Watchmaking aficionados know that details always make the difference. Yet, in order to understand this it is not enough to take a watch in our hand and admire it. In order to appreciate the true codes of prestigious watchmaking we need to look at pieces closely and admire the nuances and the incredible execution of manual work.  Such is the case of these three watches, whose dial’s bottom openworked section fulfills a double aim: to show the watch’s movement and to evoke the domes in the magical East. The pieces are decorated with manual engravings and Grand Feu enamels and they feature contemporary architectural works that illustrate the Sultanate’s modernity; namely the airport, the Opera and the Parliament. Sylvain Bettex, engraver at Glypto, drew these based on photos, an even more complicated task seeing as the airport had not been finished at the time. The “bas relief” technique gives the dials a 3D dimension; a highly artistic piece of work that gives the pieces some depth thus allowing the enamel to be clearly differentiated.

Rudis Sylva Auditorium enameled dial Rudis Sylva Auditorium enameled dial

“The challenge here was to highlight the engraving’s refinement whilst playing with transparency”, confirms Sophie Cattin Morales, the local enameller who carried out several tests of color, heating and size-grading before the 18-month project started. This was a clear sign of the meticulous work they had ahead of them.

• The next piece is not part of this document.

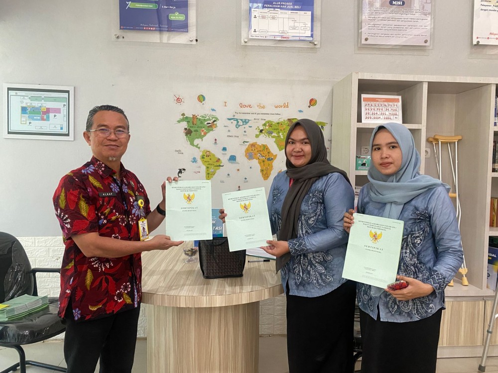 Kantor Pertanahan (Kantah) Kabupaten Tanah Laut (Tala), Kamis (13/2/2025) menyerahkan sertifikat Program Pendaftaran Tanah Sistematis Lengkap (PTSL) untuk warga Desa Banyu Irang, Kecamatan Bati-Bati di Kantor Kantah Tala.

Placing the enamel in the “champs-levés” ­­– heating, polishing, applying finishes and then adding one more layer of enamel and rhodium-plating – are some of the successive operations and extreme precautions that are needed to prevent any damage to the work that has already been carried out. This means dedicating 40 hours to engraving each one of the dials, plus the 10 hours devoted to designing the enamel beforehand. In that sense, it should be noted that the manual chamfering of each corner of the titanium bridges took 20 minutes; in other words, it was ten times slower than machining. This work was carried out by Olivier Bourquard from the Arrigoni Laufer workshop, who also made the skeletonized fir-shaped hands.

Hand engraved dial Hand engraved dial

A high-precision mechanism for a true manufacture

Eight years after it was introduced, the “Oscillateur Harmonieux” is still the talk of the town. Not surprising, as up until then adding a constraint to a balance was watchmaking’s supreme taboo. The movement has two interlinked toothed balances that consist of two opposed balance springs, thus enabling each second to compensate the effect of gravity as opposed to karussels and tourbillons, which need one-minute adjustments. This patented invention still fascinates and puzzles Haute Horlogerie enthusiasts and is a source of legitimate pride for both the brand and Mikka Rissanen, its creator.

Mika Rissanen Mika Rissanen

The complication – which shines in all its glory thanks to the work of engine-turner Georges Brodbeck – has been placed inside the case of the RS 12, available in either white or pink gold. The whole constitutes the base of Rudis Sylva manual movements of which 7 components (including the escapement) are not made in-house. According to the founding director’s motto, this kind of transparency “does not only highlight local skills but it also brings rare skills to the spotlight”. We very much hope that it will be seen like that in Oman.